To make the slides, the Makefile looks like this:

notedir := ../notes

notes := $(wildcard $(notedir)/*.md)
slides_tex := $(patsubst $(notedir)/%.md,%.tex,$(notes))
slides_pdf := $(patsubst %.tex,%.pdf,$(slides_tex)) 
slides_key := $(patsubst %.pdf,%.key,$(slides_pdf)) 

$(slides_tex): %.tex: $(notedir)/%.md preamble-slides.tex
	pandoc $< \
	    -t beamer \
	    --slide-level 1 \
	    -H preamble-slides.tex \
	    --latex-engine xelatex \
	    --filter overlay_filter \
	    -o $@

$(slides_pdf): %.pdf: %.tex
	latexmk -xelatex $(basename $<)

That’s the pandoc command, invoking the overlay_filter and including the preamble.
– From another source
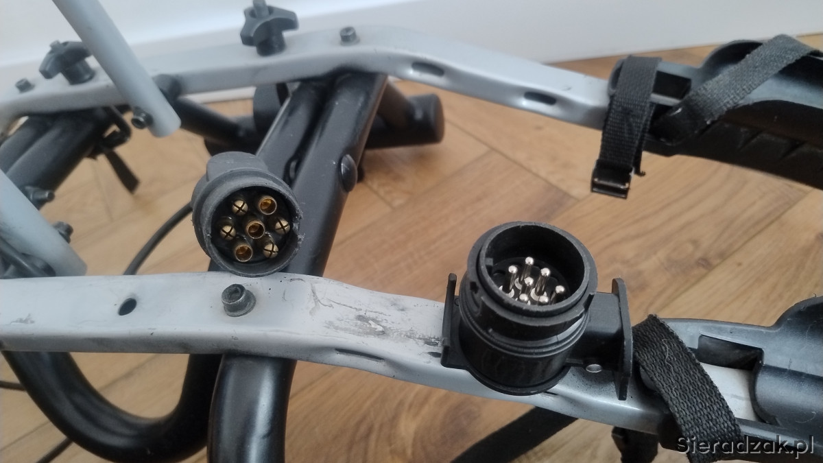 Sprzedam bagażnik rowerowy Thule na 2 rowery, montowany na hak holowniczy. Wtyczka 7 pin ( przejściówka 7/13 gratis)
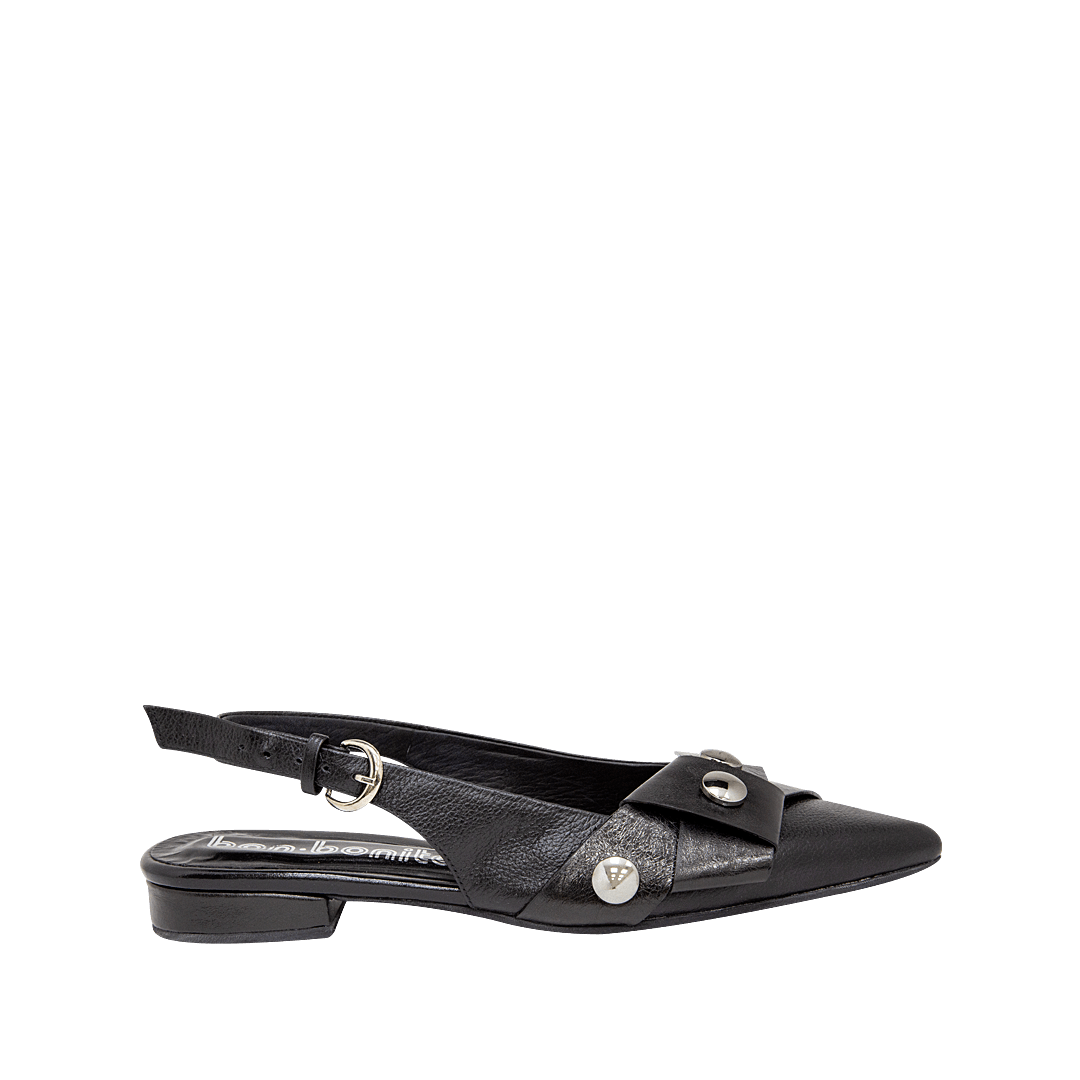 ¡Dale estilo y comodidad a tu caminar! • Baleta para mujer con taches decorativos en cuero granito color mantequilla • Acabado en punta • Hebilla lateral para mejor ajuste • Mini tacón forrado en cuero • Hecho a mano en Colombia.

Then we hand off the process of calling xelatex and biber (if necessary) to latexmk.

For notes, the relevant piece is very similar:

$(notes_tex): %.tex: %.md preamble-notes.tex
	pandoc $< \
	    -t beamer \
	    -H preamble-notes.tex \
	    -V fontsize=8pt \
	    --filter overlay_filter \
	    --latex-engine xelatex \
	    -o $@

But notice the small font size. 8 pt. seems tiny, but it is rescaled when you print on letter paper (even when you print 4-up as I do). I invoke this with make classnotes.pdf.

Well, it works for me, anyway.

[Edit, May 18, 2016: Reiterating: I now use a slightly tidier set-up, available in a separate github repository.]


  1. I was using the pre-downgrade version of iWork, before Apple turned it into a maimed cloudthing.
  2. As the Pandoc docs will tell you, reveal.js supports notes, though the requirement to run reveal.js’s server locally through node looks like this feature moves things into the “easy made difficult” category too.
  3. I’ve found it useful to also put the slide number on the note, however; see preamble-notes.tex for how to do that.
  4. To achieve full automation overkill, I actually use AppleScript, called via osascript, to eliminate all pointing and clicking. See my slides Makefile on github.